TEMPO.CO, Jakarta - Majelis hakim memvonis terdakwa kasus terorisme, Aman Abdurrahman, dengan hukuman mati dalam persidangan di Pengadilan Negeri Jakarta Selatan, Jumat, 22 Juni 2018. Sebelumnya, Aman beberapa kali dipidana akibat kasus yang sama.
Nama Aman mulai dikaitkan dengan aksi terorisme sejak terjadi ledakan di rumah kontrakannya di Cimanggis, Depok, Jawa Barat, pada 21 Maret 2014. Ia kemudian divonis tujuh tahun penjara karena terbukti melakukan perakitan bom yang menyebabkan ledakan. Aman mendekam selama lima tahun di Lembaga Pemasyarakatan Cipinang, Jakarta Timur.
Tak lama setelah bebas, Aman Abdurrahman kembali terjerat kasus pelatihan militer di Perbukitan Jalin Jantho, Aceh, pada 2010. Ia pun dipenjara di Nusakambangan, Jawa Tengah, hingga 12 Agustus 2017 setelah menerima remisi 20 bulan kurungan.
Bukannya bebas, Detasemen Khusus 88 Antiteror menciduk dan menggelandang Aman ke Markas Komando Korps Brigade Mobil (Mako Brimob) Kelapa Dua, Depok.

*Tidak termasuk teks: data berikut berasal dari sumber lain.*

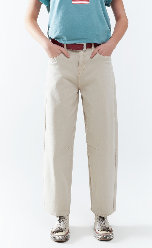 Discover the perfect fusion of comfort and style with these beige stretch barrel leg jeans. Crafted for a relaxed fit with a chic contemporary twist they seamlessly adapt to your everyday life. The flexible stretch fabric not only provides exceptional comfort but also flatters your figure creating a silhouette you'll love. Featuring a distinctive barrel leg design these jeans elevate your outfit effortlessly making you look effortlessly chic. Whether you're running errands or unwinding at home these jeans are the ultimate choice to blend comfort and fashion without compromise. Revamp your wardrobe today!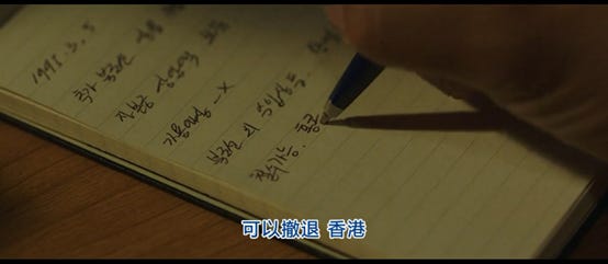 话题继续回到电影上,“黑金星”决定利用清源久引蛇出洞,来接近李明云处长。一开始清源久希望黑金星采购朝鲜产的玩具枪和辛德山矿泉水,但是黑金星认为这些产品利润太低,根本赚不到钱,假装非常生气,希望能做大买卖,比如香烟和汽车,这就让清源久认为“黑金星”是一名能给朝鲜赚到大量的外汇的商人,于是打电话给“朝鲜对外经济委员会”的李明云处长汇报“黑金星”的情况(见下图)。

Ia didakwa sebagai otak serangan bom Sarinah di Jalan M.H. Thamrin pada 14 Januari 2016. Sejak itu, ia menjalani penahanan di Mako Brimob hingga saat ini dan didakwa sebagai otak beberapa pengeboman di Indonesia.
Aman juga didakwa berada di balik serangan bom di Kampung Melayu, Jakarta Timur; bom di gereja di Samarinda, Kalimantan Timur; penyerangan kantor Kepolisian Daerah Sumatera Utara; serta penyerangan terhadap polisi di Bima, Nusa Tenggara Barat.
Dalam persidangan, majelis hakim, yang dipimpin Akhmad Jaeni, menyatakan Aman terbukti bersalah melakukan tindak pidana terorisme dan memberikan vonis maksimal hukuman mati. Pengacara Aman, Asludin Hatjani, mengatakan akan pikir-pikir lebih dulu atas vonis tersebut.
Asludin mengatakan masih akan melanjutkan konsultasi dengan kliennya tersebut. Namun, kata dia, kemungkinan besar kliennya akan bergeming dan tidak akan melakukan banding. Kemungkinan itu terbaca dari lambaian tangan Aman saat tim pengacara memilih pikir-pikir lebih dulu ketika menjawab vonis hakim.
“Dari isyarat (Aman Abdurrahman), saya lihat dia tidak ada keinginan (banding). Saat saya menyatakan pikir-pikir, dia kelihatan menolak dengan melambaikan tangan,” ujar Asludin.